Kyle: [laughs] Yeah. That’s a perfect illustration, Jackson. I think you might be missing sort of a real money-making opportunity there. See there’s lots of shows on TV where they pick winners. It would be great if Jackson Middleton had a show that was like, “Here’s what I’m investing in” and then everyone would just go and do the opposite and you’d make quite a good portfolio. That’s a Middleton stock!

Jackson: Yeah. Not good! No way! I don’t want to be known for that, but man-oh-man.

Kyle: Actually, that raises an interesting point though, Jackson. Because every day—and I’m not going to point one of them out—but all of the major publications across this country I see headlines, “My Top 5 Stock Picks”, “Top 3 Stock Picks for the dividend market”, “Now we need stability stocks”, “Six Stability Stocks for Your Portfolio.” And it’s new stuff every day.

And you know how often they check back and actually look? Almost never. It almost never happens where they actually look back and see how their predictions have done, 5, 10, 15 years later. It doesn’t matter six months later, that’s irrelevant. Twenty years later, that’s relevant to most long-term investors, which is what you should be looking at if you’re in the stock market, and they never do it. So these people have like no track record to speak of. They had like maybe two years, or whatever the case is. They have a high profile for some reason and they’re giving their stock picks. And you’ve got to ask yourself, well okay what’s the incentive there? The incentive is to make the craziest stock pick imaginable so that you get on the front page of the paper, your name increases, and if you hit it out of the park, great. Now you’re Jim Cramer. And if you don’t, no one remembers anyway.

Jackson: That happens in the mortgage world all the time. We get these guys that say, “We’re in a housing bubble. Housing crash is coming.” These guys have been calling down fire from heaven for the last 40 years, and it never happens!

Kyle: But it will one time and then they’ll be right.

Jackson: And if it does, “Oh, they’ve predicted the future”, and give them a TV show. Absolutely.

Sandi: A lifetime supply of stuffed animals.

Kyle: There you go. [laughs] And useless clichés. So anyway guys, that’s about all I have to say. I’m pretty easy here. Did you guys want to highlight anything else that we’re going to have going on in the Because Money show coming up this season?

Jackson: Oh yes.

Sandi: Yes, this season we’re talking about food. There’s some food coming up that I am very excited about. And Jackson, if you ever have a chance to follow him on Twitter, on Instagram, he has some of the best food pictures I’ve ever seen. He’s got like artful slabs of wood with like sprouts and sauce all over the place. Apparently they eat like that all the time.

Jackson: My downfall right now, is I love shopping for dinnerware on Etsy. Oh, let me tell you. I love buying things that I can display my food on. Yeah, so follow me on Instagram or Twitter.

Sandi: But we are going to talk food. And I’m very excited about that, because I think that’s another one of those “just” kind of “just cook at home.” Which sure, it could be great, but it might not be super awesome.

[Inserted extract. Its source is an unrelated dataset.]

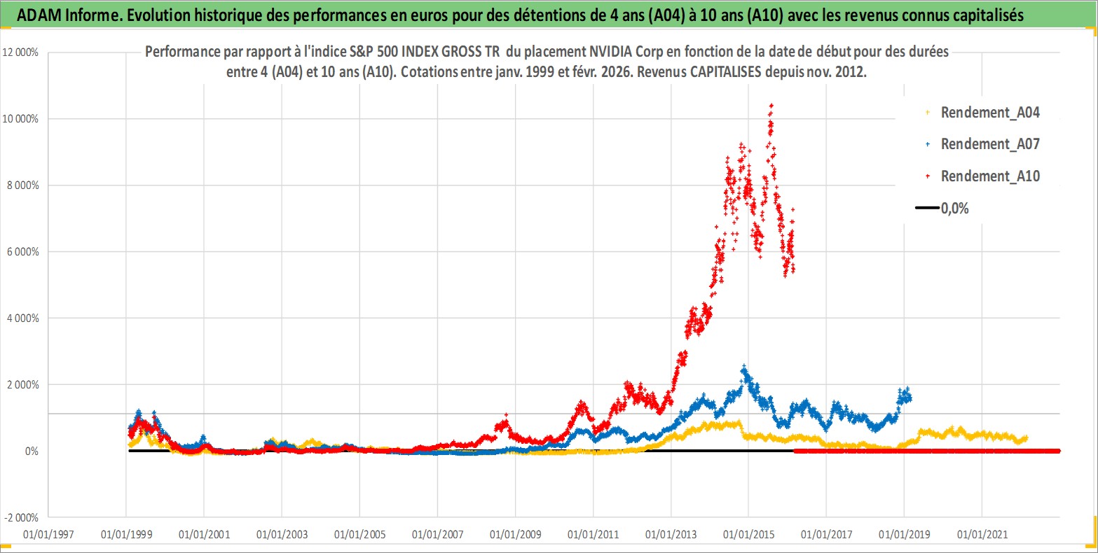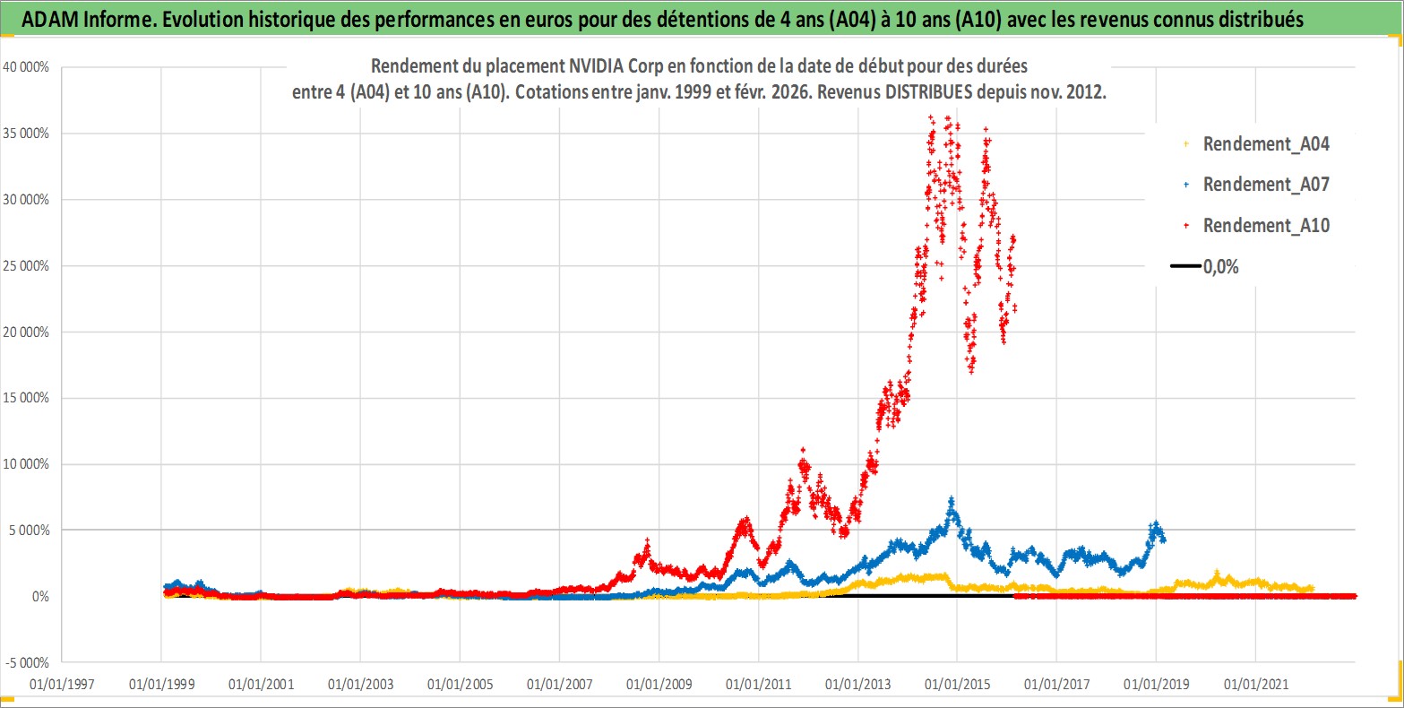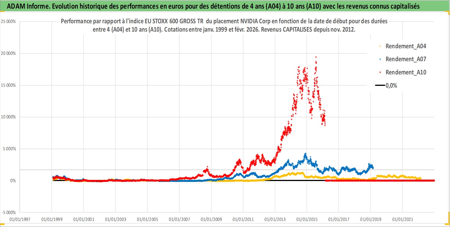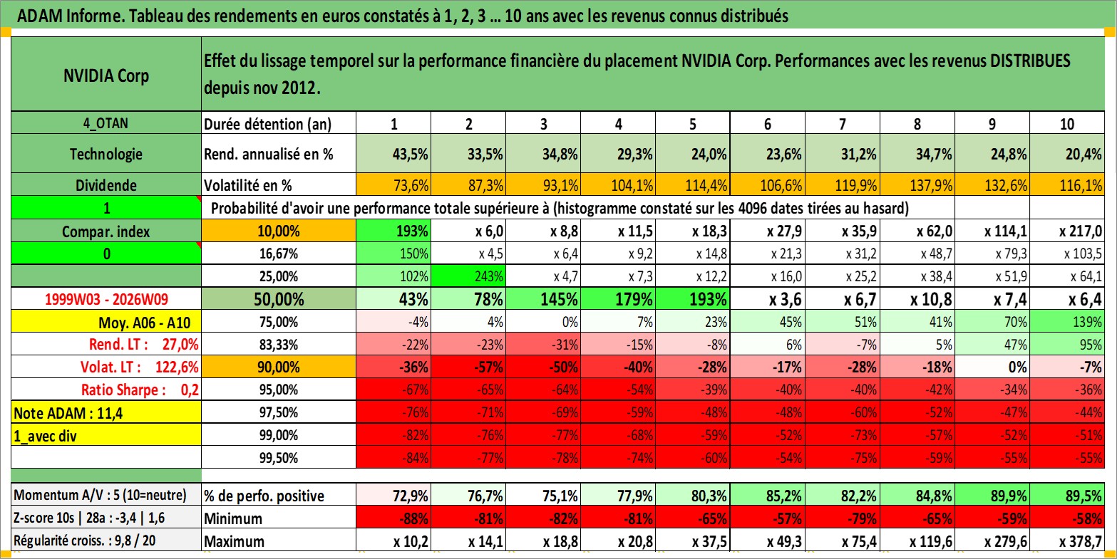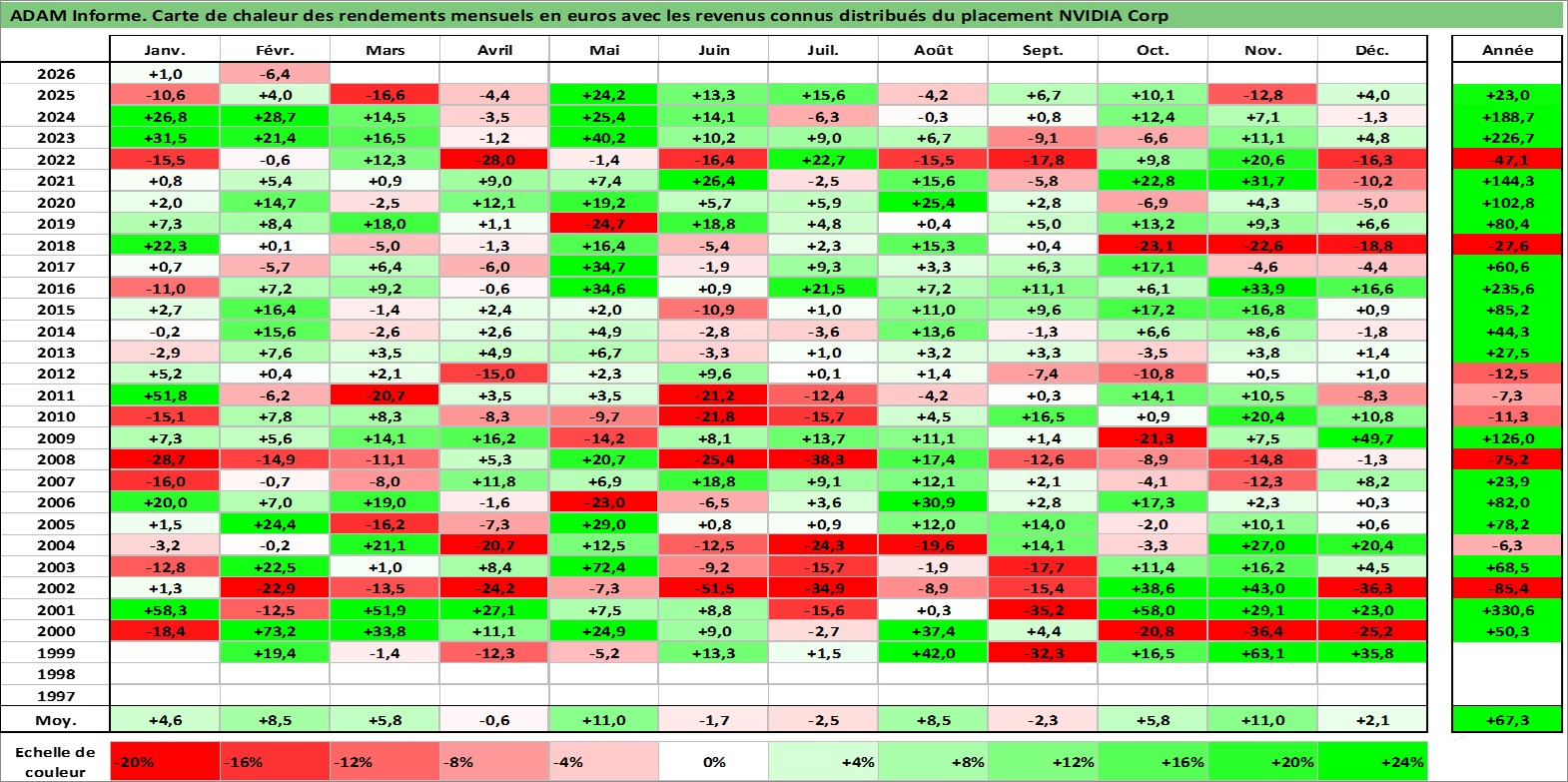 Site dédié aux investisseursPage dédiée sur site financeAnalyse des valorisations hebdomadaires de l'action NVIDIA Corp. Cet actif est cote en USD. Les valorisations sont en contrevaleur EURO et couvrent les semaines 1999W03 a 2026W09. Les revenus de cet actif financier sont pris en compte depuis la semaine 2012W47. La note globale ESG de cet actif est estimee a 15.0 (apres rebasage entre 0 et 20).

Kyle: Not if I do it. [laughs]

Sandi: [laughs] I mean, I know for sure we’re doing that. We’ve got a lot of other stuff that I’m very excited about, but we might not be able to unwrap yet. It’ll be surprising when it comes.

Jackson: And our goal is here—I believe—that we’ve kind of talked through is, to be a little bit more organized with scheduled dates. We going to do some prerecording. Last year, in Season 1, we really tried to work in some live, and hitting Twitter live, and we found it really worked well for those who wanted to contribute. We basically found that to get the transcripts out afterwards, it wasn’t really good for a regular show for us. So we’re going to do some pre-recorded shows. We’re going to be able to schedule our guests in advance. Maybe do some website stuff and promote a lot more stuff. We’re trying to clean it up for you in viewer land. We’re excited about another season, but I think that’s it. We’re ready to sign off.

Thanks for joining us and we will see you here in two weeks when we’ve got another episode.